= Tadawul Holding Group =

Private Qatari holding company

The Tadawul Group is a private Qatari holding company based in Doha. It was founded in 2006 by Sheikh Thani bin Abdullah al-Thani and is headquartered in Ezdan Towers, in the West Bay area of Doha. Tadawul's portfolio of investment consists of real estate, banking and finance, consumer goods, media, industry, healthcare, insurance and leisure centers.

Tadawul is also the leading shareholder in the Ezdan Holding Group, and serves as the financing arm of Ezdan, also founded by Thani bin Abdullah al-Thani.

Tadawul has a reported capital of $7.86 billion.

==Founder==
Sheikh Thani bin Adbullah al-Thani, founder of Tadawul Group, is a member of the powerful House of Thani, Qatar's ruling family. Sheikh al-Thani is one of the largest real estate developers and investors in the Gulf region.

Sheikh al-Thani serves on the boards of, and has founded several major companies and institutions, such as Al-Sharq newspaper, Qatar International Islamic Bank, Qatar Islamic Bank, Masraf Al Rayan, and the Ezdan Holding Group.

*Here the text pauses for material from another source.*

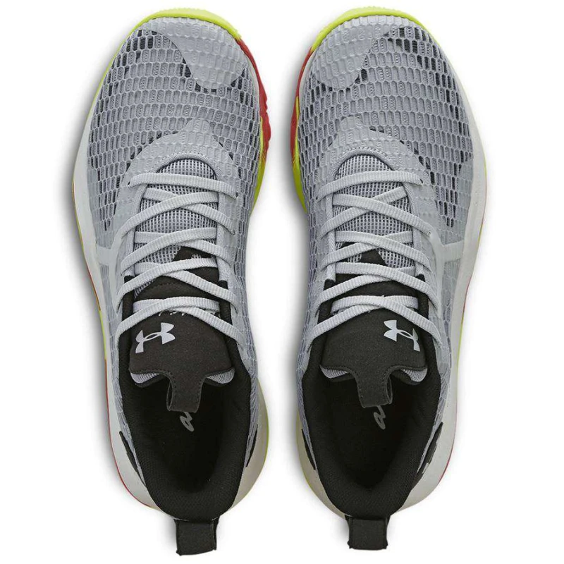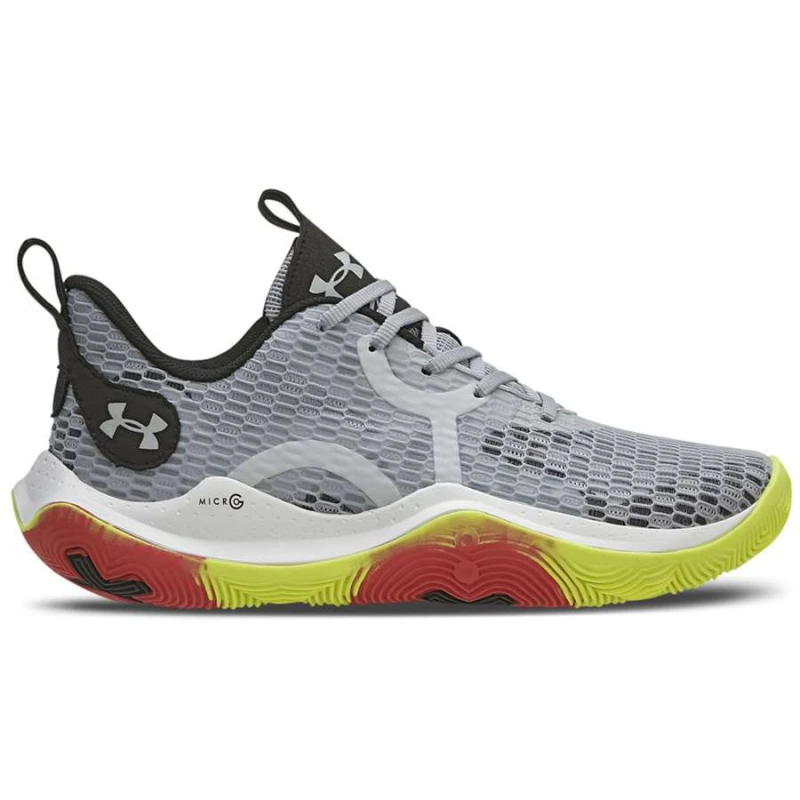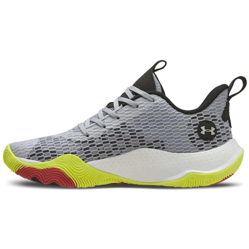 O Tênis de Basquete Masculino Under Armour Spawn 3 modelo que vem com áreas de malha expostas para respirabilidade e alta flexibilidade.

In addition to his involvement in Qatar's financial and real estate sectors, Sheikh al-Thani has long been engaged in humanitarian-related work. He is Chairman of Qatar Society for Rehabilitation of Special Needs, founded the Mental Health Friends Association and the RAF (aka the Sheikh Thani Ibn Abdullah for Humanitarian Services Foundation).